The Corner

Sweet and Sour Krauts: Studies of the Two Germanies

The Boston Globe rounds up comparative studies of how life worked in East and West Germany during their forced 40-year experiment in radically different economic systems. In addition to the clear distinction in financial performance, the division of Germany produced a wealth of information about how similar groups of people, subject to free or totalitarian systems, develop differently in their personal attitudes and social views. The reunification of Germany that began 25 years ago this month has also given a unique look at how the two groups eventually converge, or not.

Nothing here overturns the widely known economic lesson of the two Germanies: that if you divide a country into a market economy and a command economy, the former will become something close to a paradise (West Germany even before unification had the world’s third-largest economy and very robust retail politics) and the latter will slowly starve to death (East Germany was a shockingly barren and brutal surveillance state). This simple lesson is visible today even from outer space, in the heartbreaking satellite image of North and South Korea:

The studies of the two Germanies go into much closer detail about how the two systems affect people’s approach to advertising and propaganda, as well as how quickly products of totalitarianism adjust to higher-trust environments after the walls come down. Some findings:

Economists Helmut Rainer and Thomas Siedler used survey data to try to figure out whether living that way had left a psychological scar. They looked at the results of a Germany-wide survey that had been administered twice a year since 1980: According to their analysis, East Germans were much less trusting toward other people than their counterparts.
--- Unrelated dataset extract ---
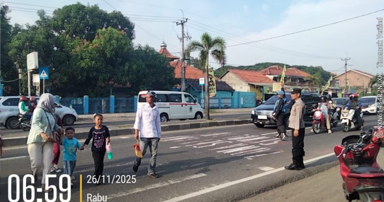 Cirebon - Rabu (26/11/2025) Personil Polsek Plered melaksanakan PH Pagi di Jalur utama Pantura Palimanan - Cirebon termasuk wilayah hukum Polsek Plered Kecamatan Plered Kabupaten Cirebon.

Perhaps discouragingly, their mistrust did not lift easily when the Stasi’s reign ended. When the researchers compared survey data collected not long after reunification to data collected in 2002, it was clear that living in a democracy for a decade had not made East Germans significantly more trusting of others.

Other studies have shown additional lasting differences. One found that, because in East Germany women were encouraged to work more than they were in the West, East Germans were significantly more likely to believe that men and women are equal. Another found that, because the East German regime ran official doping programs for athletes, East Berliners were much more accepting than West Berliners of performance-enhancing drugs 20 years after reunification.

The Globe’s Leon Neyfakh doesn’t go into the differences in work ethic, and I always get the sense with these kinds of articles that people are trying to maintain an illusion of academic balance even when it’s obvious that one way of life is preferable to the other. During the discussion of the “debate about whether advertising works at all,” there seems to be an assumption that if you’re not seeing ads for Corn Flakes you’re not seeing ads at all. In fact the Soviet bloc was full of advertising; it’s just that the propaganda was trying to sell people on the vacuum of Communism.

Also, while I couldn’t tell a Bavarian from a Prussian, my impression of Germany has always been that it’s less homogenous than many people, including Germans themselves, would like to believe. It would be interesting to see how these results are influenced by the range of local cultures that Otto Bismarck tried to erase in favor of a unified state. It would also be interesting, and helpful in the present day, to know why the Communist-raised and trained Angela Merkel seems to have a better grasp on how capitalism works and what money means than the leaders of the United States, the United Kingdom and France put together.